As it happens I ‘randomly’ use the ‘Labov’ example too. I give it as the counter in an argument/ model where a right wing, Tory Education minister attempts to ‘sell’ Berntstein’s ‘restricted’ ideas as a Government policy. It is a striking, easily understood example to develop the discussion of MacIntyre’s engagement with the Social Sciences in ‘After Virtue’. His point here is that theories in these disciplines always have to live with well known, counter examples (all having some empirical support within their domain, etc, AM gives an example from Criminology/Urban Geography).

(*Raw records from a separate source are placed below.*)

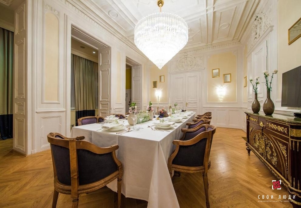 В отеле работает знаменитый венский ресторан At Eight, расположенный на первом этаже, в котором можно не только насладиться потрясающей едой по рецептам разных стран (т.наз. «ароматической кухни»), но и безупречным сервисом. Ресторан имеет приятный дизайн в свежих зеленых тонах и обставлен мебелью из дерева цепрано, а дополняют картину интересное освещение и красивые коллажи на стенах. Винная карта более чем внушительна: 770 сортов вина и шампанского из собственного подвала.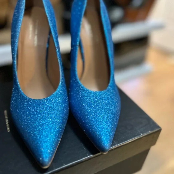 These striking high-heeled shoes feature a vibrant blue color with a glittery finish, a classic pump style with a pointed toe, and a high stiletto heel for an elegant and...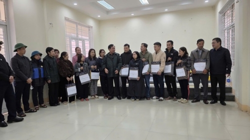 Thứ trưởng Võ Văn Hưng trao quà của Bộ Nông nghiệp và Môi trường cho 11 hộ dân bị sạt lở tại xã Khe Sanh, tỉnh Quảng Trị. |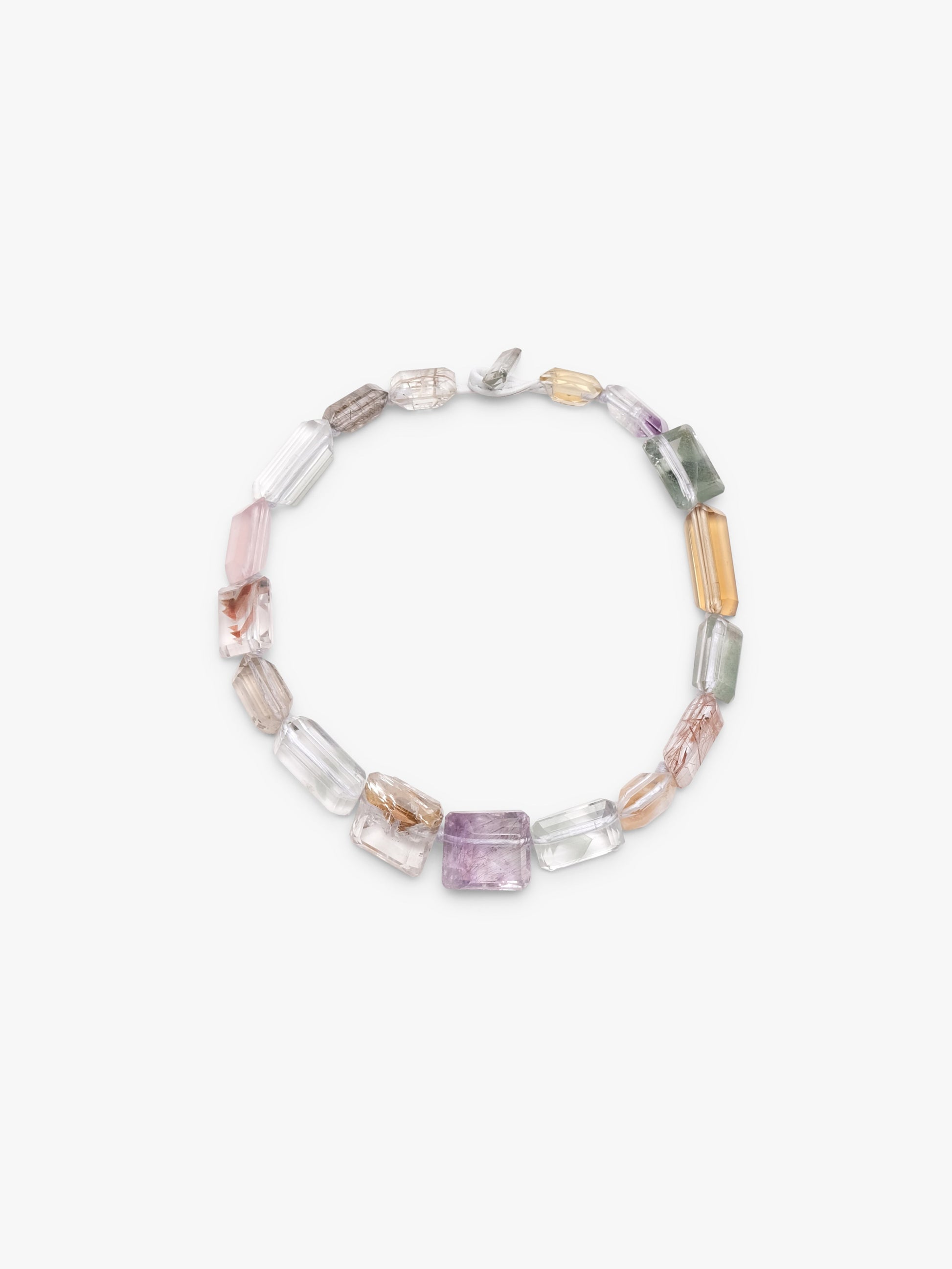 A spectrum of rare faceted stones forms this necklace, combining amethyst, citrine, rose quartz and rutilated quartz. Each stone is shaped with flat surfaces to reveal internal patterns, colour gradients and natural inclusions. The arrangement is irregular by design, letting each material stand on its own.

My view, expressed to those folks unlikey enough to be sitting next to me on the train, is that I am concerned that if you look through say the Sociology 101 text book, MacIntyre’s ideal type holds. In the begrudging langangue of Economists, Sociology is ‘Heterodox’ through and through. However, going through the Economic 101 text books, you certainly have disputed problems etc, but the engagement/clash, between Theories (Political Economy, Methods, Data) is missing. Economics texts seems different. This is why the argument that Economists are in fact ‘theological’ ‘actors in modernity’ seems a very serious matter to me.
That the Social Sciences are not like Natural Science is common place of course, but it is this ‘managerial act’ that the Economics ‘text book’ itself is a ‘Natural Science Paradigm’ that is the central problem. It might be conjectured that after 1970 a core of Economists sat down with Kuhn’s ‘Structure of Scientific Revolutions’ and sought, not in good faith, to understand their practice. Rather they sat down with a ‘tick box’ mangerial ‘grid’ and went through the text: ah,ah – ‘trained practioners’, Yes-tick, ‘practioners decide ultimate problems’, Yes-tick, and so on through Kuhn’s book. But instead of seeing the limitations of what they were doing, concluded instead, yes on his ‘definition’, we are special, very nearly Physics too!
So I agree with the sentiment expressed above, if Economists in the Academy cannot change their ways over Econ 101, and who it is actually for in a Democracy, then (with the support of the scientists and engineers) the History, Geography, Sociology, Psychology and Theology departments need to reabsorb the rump of ‘Mainstream’ economists back to where their came from. This ‘reabsorbing’ would put an end to fake economic progress and the Jesuit order built around it. Ministers and citizens would also have to do some hard thinking, of course, and account for the economic perspectives they adopt. Most of all, anybody chanting economic TINA (because the textbook says so) could then be certain that the will be told to go F**k themselves by the citizens
ps
I know, I know, sending them back down from where they came, has a certain theological tone too 🙂
You realise most decent economists do not, already, work in economics departments, I presume?
Once you understand that the introduction of money was a double-edged sword promoting great efficiency benefits as well as money-bullying it becomes possible to understand that the search for balancing methods has to be a priority for the human race, not least because if we don’t we’ll render our planet uninhabitable and no amount of wealth or poverty matters any longer.
I think you’re running up against the generational thing. New theories have to wait for the previous generation, who are in positions of power, to die off before they’re accepted.